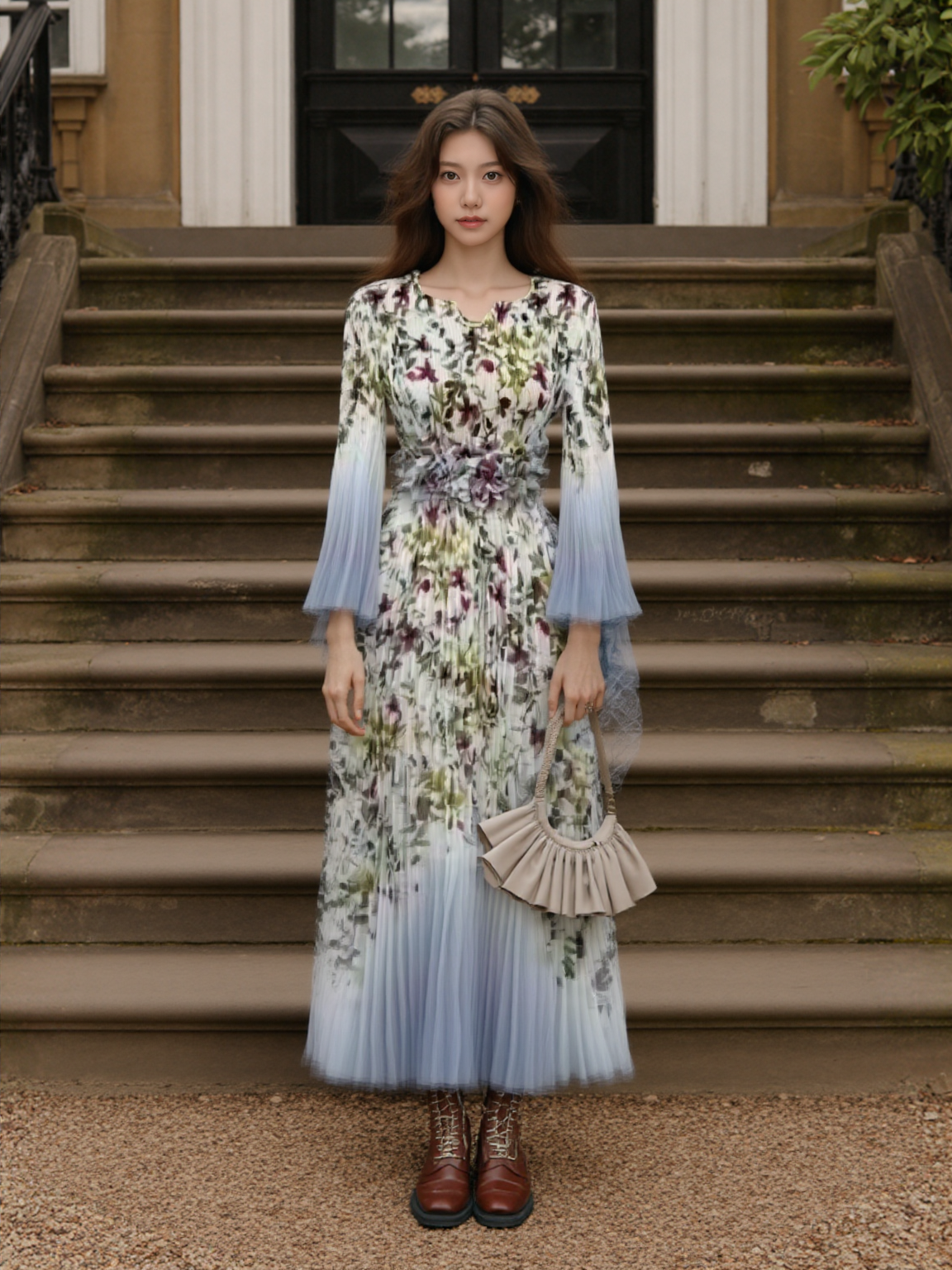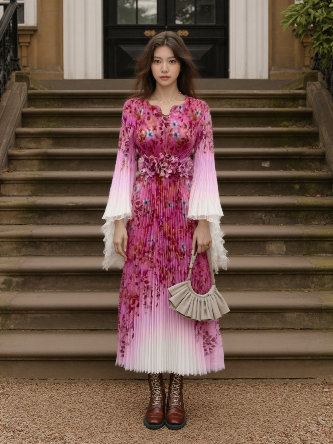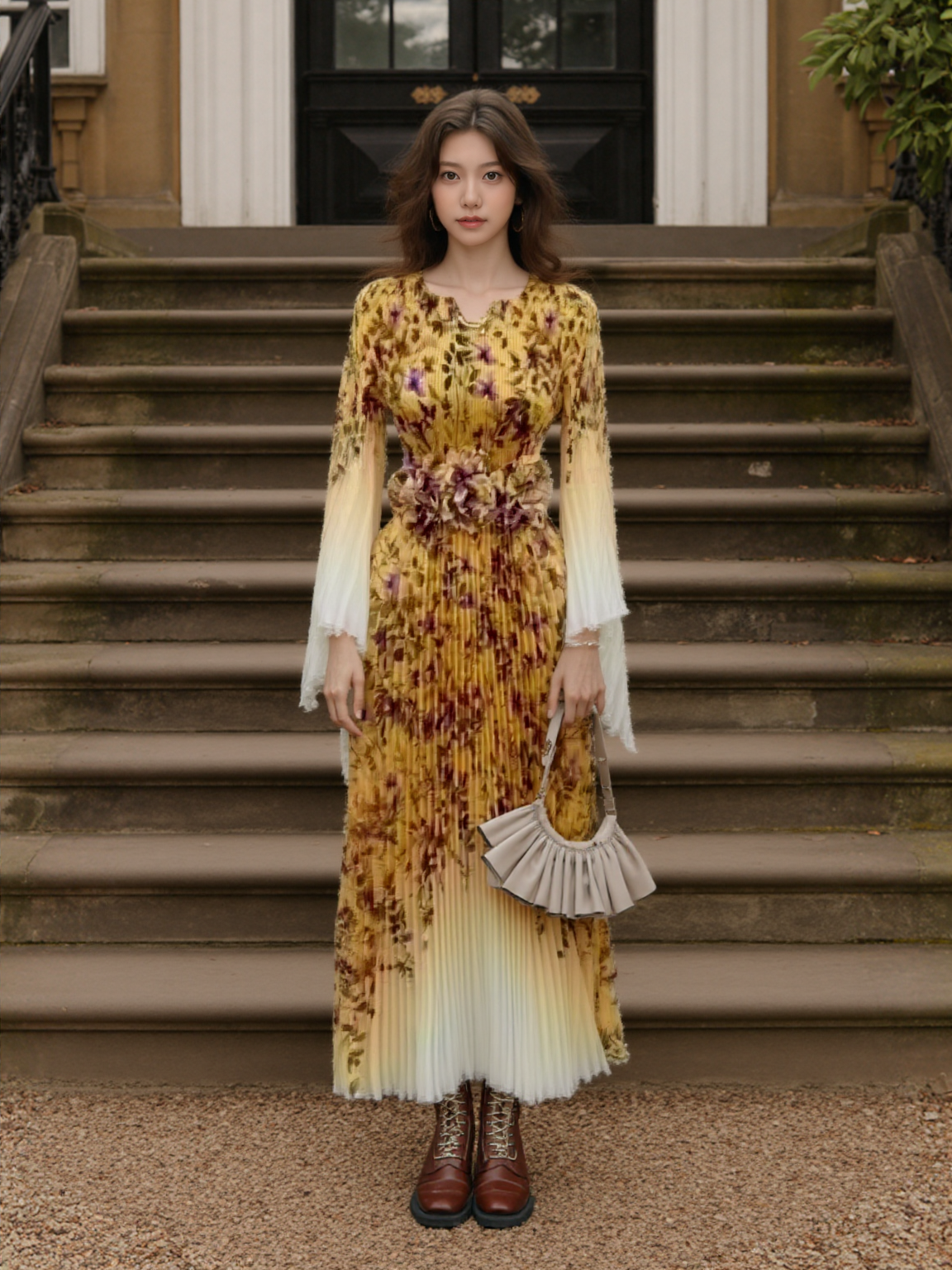 RY174# 跨境欧美非洲女设计感褶皱收腰立体花朵装饰喇叭袖连衣裙印花裙
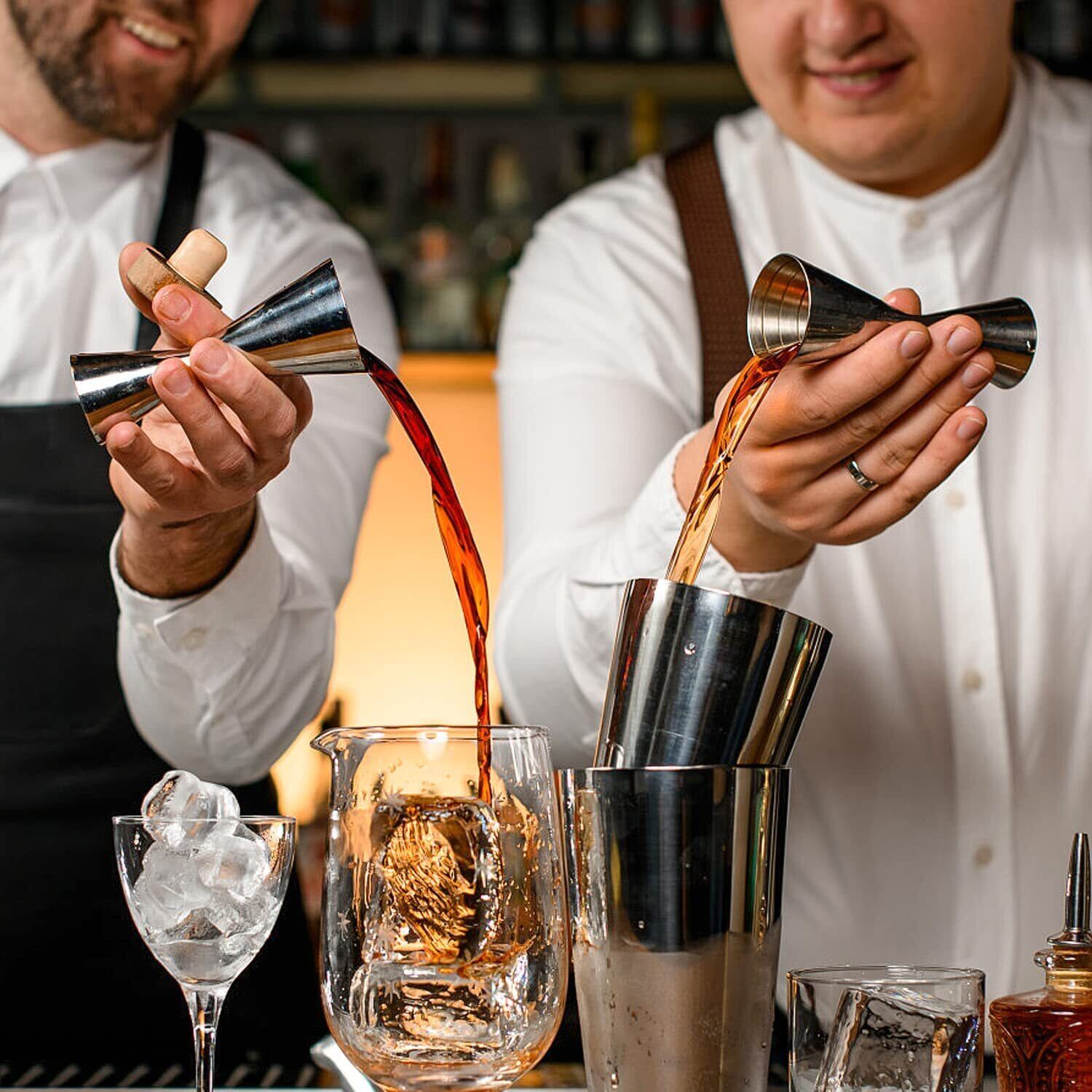 【幅広く使える】:ステンレス製のカクテルメジャーカップは、ホテル、家庭、バー、パーティーなどに最適で、ワイン、ジュース、カクテルなどに適しています。
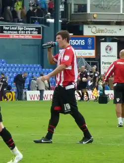 Maguire went into the following season as first choice in the centre of defence and his good form continued as he scored twice on 17 October 2012 in a 4–1 away victory over Notts County in the Football League Trophy.[18] By the end of February 2013, Maguire had made his 100th start for United in a 0–0 home draw against Leyton Orient at the age of just 19.[19] His performances during the 2012–13 and 2013–14 seasons earned him a place in the PFA Team of the Year for League One again.[20][21]

#### EXERCISE AIM
Produce the full material again verbatim, with the pictures dropped.

#### ANSWER BOX
 RY174# 跨境欧美非洲女设计感褶皱收腰立体花朵装饰喇叭袖连衣裙印花裙
 【幅広く使える】:ステンレス製のカクテルメジャーカップは、ホテル、家庭、バー、パーティーなどに最適で、ワイン、ジュース、カクテルなどに適しています。
 Maguire went into the following season as first choice in the centre of defence and his good form continued as he scored twice on 17 October 2012 in a 4–1 away victory over Notts County in the Football League Trophy.[18] By the end of February 2013, Maguire had made his 100th start for United in a 0–0 home draw against Leyton Orient at the age of just 19.[19] His performances during the 2012–13 and 2013–14 seasons earned him a place in the PFA Team of the Year for League One again.[20][21]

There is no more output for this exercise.